_Work to be completed_
Once the line containing "Noise in electronic" is found in the data below, repeat it and every later line exactly, leaving the pictures out.

Excerpted data: Begin

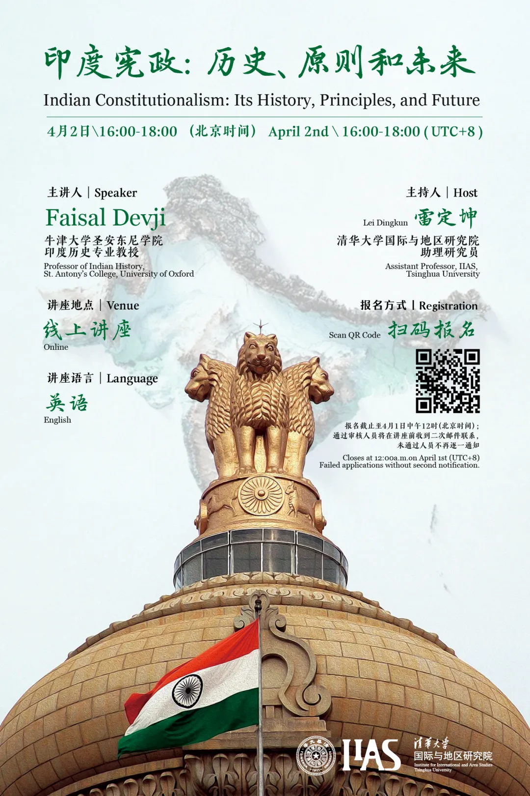 • On the afternoon of 2 April 2024, Dr. Faisal Devji, Professor of Indian History at St. Antony's College, University of Oxford, gave an online lecture on the theme of "Indian Constitutionalism: Its History, Principles, and Future", moderated by Dr. Lei Dingkun, Assistant Professor at Institute for International and Area Studies, Tsinghua University (IIAS).
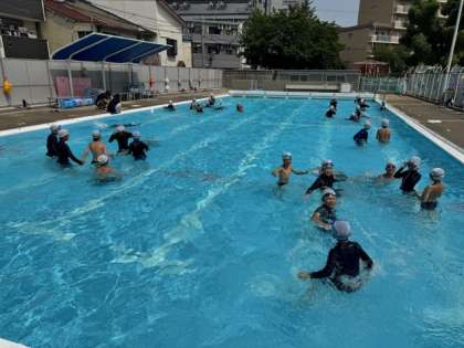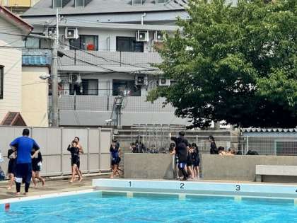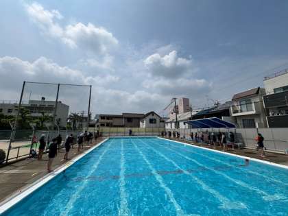 5,6年生はプールにて最後の水泳の授業でした。クロールで25m泳げるか、平泳ぎができるかなどを確認しました。また、自由時間もしっかり遊んでくれてよかったです。とても蒸し暑い中、よくがんばりました!
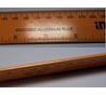 Приобреталась за контрастную и (была надежда что) небликующую шкалу. Этому критерию как-то соответствует. Расхождение шкалы (сравнивал с имеющимися адекватными линейками) <0.5 мм на 300мм. Метрическая шкала - по низу на одной стороне, по верху - на другой.
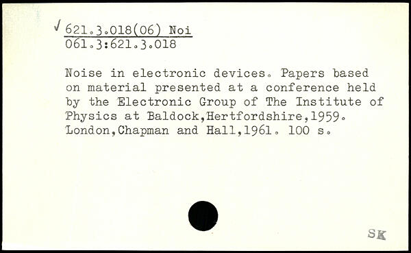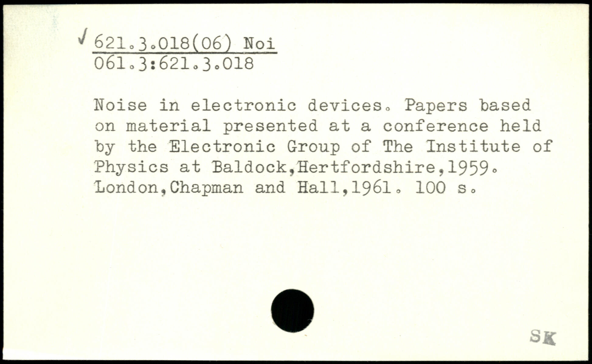 Noise in electronic devices<> Papers based on material presented at a conference held by the Electronic Group of The Institute of
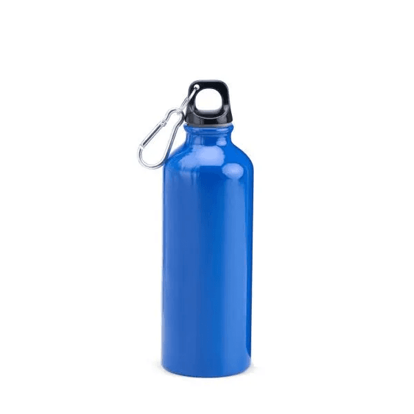 Squeeze azul em alumínio revestido com verniz. Possui tampa em polipropileno rosqueável, argola com mosquetão e anel em silicone para vedação.
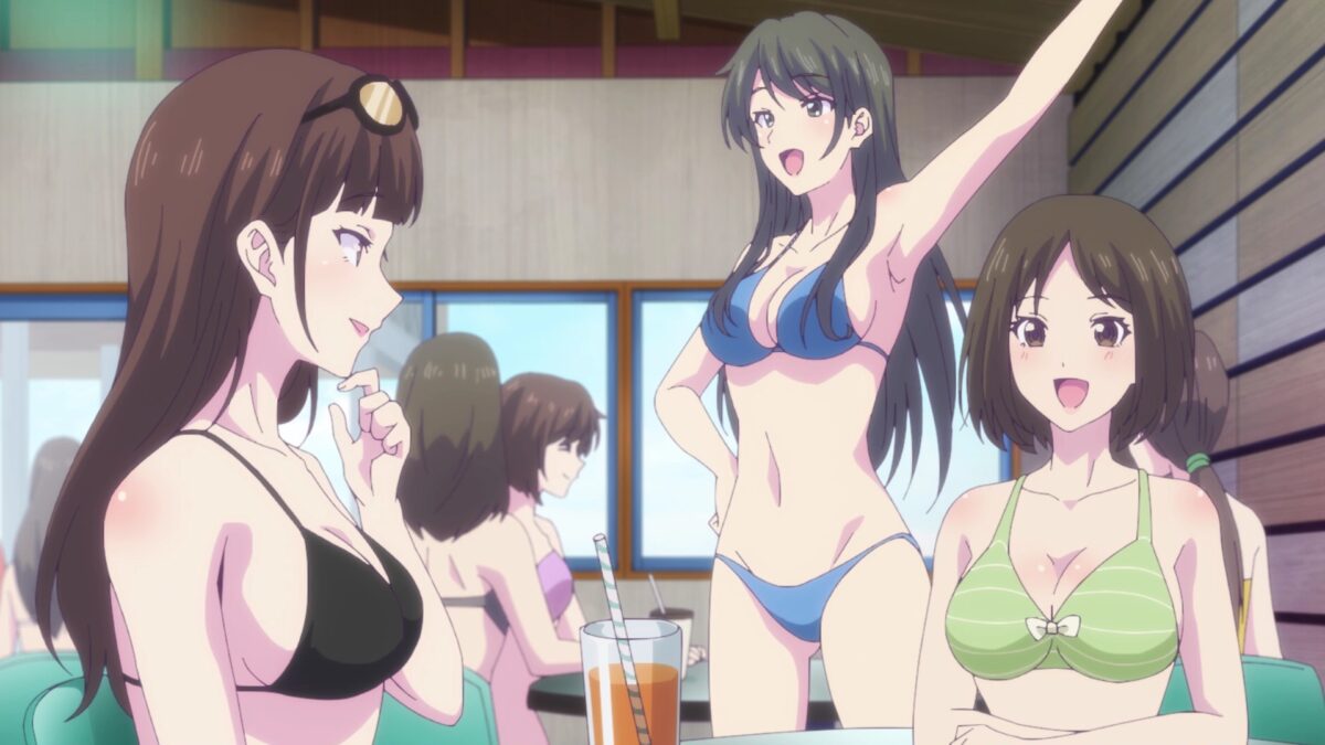 Riho adjusted quickly and recruited herself, Shiragiku, and Ouka by suggesting a “grammable (Instagram-worthy)” summer menu served by waitresses in cute beach hut outfits. Ami asked the most pertinent chuunibyou question: what’s the name of the beach hut? Familia Type 0 Kai! Vetoed, of course, over Ami’s effusive approval.

Excerpted data: End

_Solution_
 Noise in electronic devices<> Papers based on material presented at a conference held by the Electronic Group of The Institute of
 Squeeze azul em alumínio revestido com verniz. Possui tampa em polipropileno rosqueável, argola com mosquetão e anel em silicone para vedação.
 Riho adjusted quickly and recruited herself, Shiragiku, and Ouka by suggesting a “grammable (Instagram-worthy)” summer menu served by waitresses in cute beach hut outfits. Ami asked the most pertinent chuunibyou question: what’s the name of the beach hut? Familia Type 0 Kai! Vetoed, of course, over Ami’s effusive approval.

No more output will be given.